• [YOUR GOAL]: Return the material below exactly, but only from the line with "Jedná se o 2" through the line with "Энерджи BOOM SHOT", and without its pictures.

• [RECORDED DATA]:
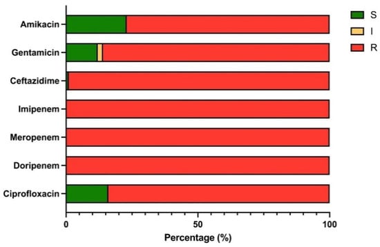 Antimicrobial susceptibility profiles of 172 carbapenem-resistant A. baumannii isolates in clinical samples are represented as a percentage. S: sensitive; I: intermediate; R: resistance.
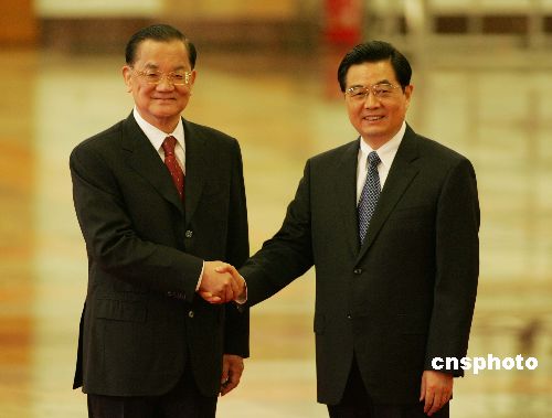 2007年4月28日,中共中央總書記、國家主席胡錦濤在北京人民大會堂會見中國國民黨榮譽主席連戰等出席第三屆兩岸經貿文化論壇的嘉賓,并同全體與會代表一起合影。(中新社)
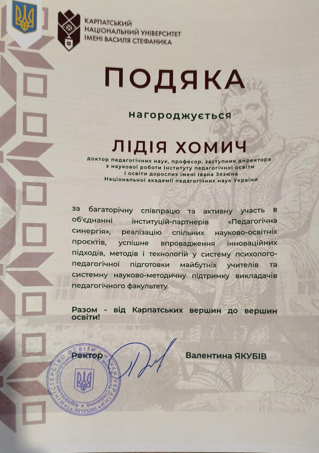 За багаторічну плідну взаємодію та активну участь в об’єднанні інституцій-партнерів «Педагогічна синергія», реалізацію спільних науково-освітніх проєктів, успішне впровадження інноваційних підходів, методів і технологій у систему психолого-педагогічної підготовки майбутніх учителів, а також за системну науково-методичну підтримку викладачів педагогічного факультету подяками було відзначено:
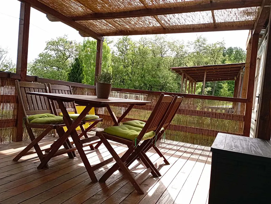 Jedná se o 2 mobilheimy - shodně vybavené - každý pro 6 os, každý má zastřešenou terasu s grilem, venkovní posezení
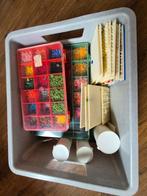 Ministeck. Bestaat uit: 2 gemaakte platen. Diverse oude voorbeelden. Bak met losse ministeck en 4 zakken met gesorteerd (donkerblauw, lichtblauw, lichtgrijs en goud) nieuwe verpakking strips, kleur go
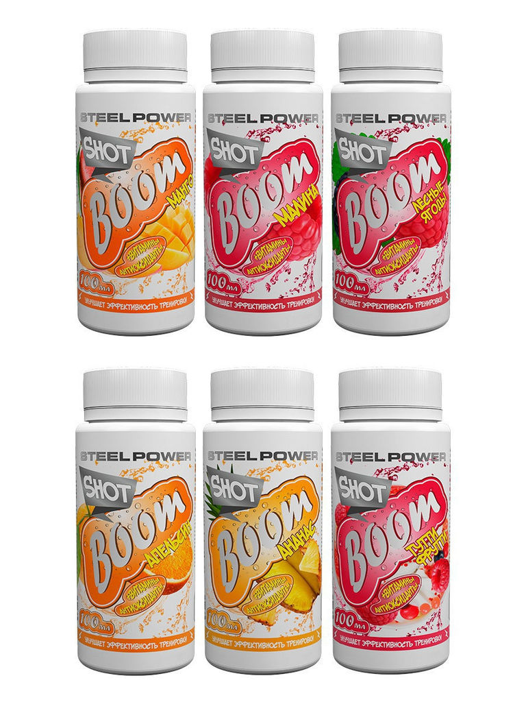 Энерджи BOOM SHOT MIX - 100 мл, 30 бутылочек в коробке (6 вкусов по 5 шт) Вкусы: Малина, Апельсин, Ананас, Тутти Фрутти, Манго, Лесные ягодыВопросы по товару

==

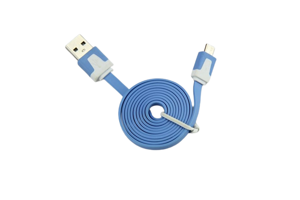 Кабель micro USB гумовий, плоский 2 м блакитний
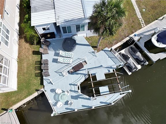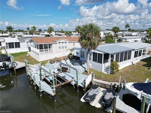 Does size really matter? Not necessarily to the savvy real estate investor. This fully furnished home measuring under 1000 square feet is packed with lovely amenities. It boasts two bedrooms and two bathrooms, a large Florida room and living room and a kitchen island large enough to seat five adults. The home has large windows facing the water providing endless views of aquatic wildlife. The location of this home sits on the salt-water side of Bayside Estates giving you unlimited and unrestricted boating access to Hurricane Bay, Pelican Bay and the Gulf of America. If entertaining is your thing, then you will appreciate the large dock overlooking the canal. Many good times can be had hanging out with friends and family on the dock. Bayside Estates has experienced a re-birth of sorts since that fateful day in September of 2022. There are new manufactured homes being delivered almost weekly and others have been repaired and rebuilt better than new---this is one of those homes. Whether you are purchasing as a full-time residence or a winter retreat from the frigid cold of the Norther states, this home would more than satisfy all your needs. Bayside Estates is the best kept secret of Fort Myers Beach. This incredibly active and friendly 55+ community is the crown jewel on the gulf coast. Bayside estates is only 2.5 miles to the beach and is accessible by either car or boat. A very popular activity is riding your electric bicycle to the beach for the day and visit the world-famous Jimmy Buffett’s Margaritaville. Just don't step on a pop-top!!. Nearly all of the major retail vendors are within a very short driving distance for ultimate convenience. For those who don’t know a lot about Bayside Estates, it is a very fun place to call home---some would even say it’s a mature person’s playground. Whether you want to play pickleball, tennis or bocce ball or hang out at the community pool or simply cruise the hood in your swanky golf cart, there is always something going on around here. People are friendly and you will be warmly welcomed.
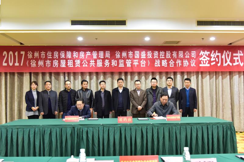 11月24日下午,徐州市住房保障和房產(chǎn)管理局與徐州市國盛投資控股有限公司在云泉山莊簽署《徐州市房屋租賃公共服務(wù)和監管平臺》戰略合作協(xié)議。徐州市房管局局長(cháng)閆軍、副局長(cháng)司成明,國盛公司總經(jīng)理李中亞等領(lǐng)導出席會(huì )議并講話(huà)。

• [OUTPUT FOR THIS EXERCISE]:
 Jedná se o 2 mobilheimy - shodně vybavené - každý pro 6 os, každý má zastřešenou terasu s grilem, venkovní posezení
 Ministeck. Bestaat uit: 2 gemaakte platen. Diverse oude voorbeelden. Bak met losse ministeck en 4 zakken met gesorteerd (donkerblauw, lichtblauw, lichtgrijs en goud) nieuwe verpakking strips, kleur go
 Энерджи BOOM SHOT MIX - 100 мл, 30 бутылочек в коробке (6 вкусов по 5 шт) Вкусы: Малина, Апельсин, Ананас, Тутти Фрутти, Манго, Лесные ягодыВопросы по товару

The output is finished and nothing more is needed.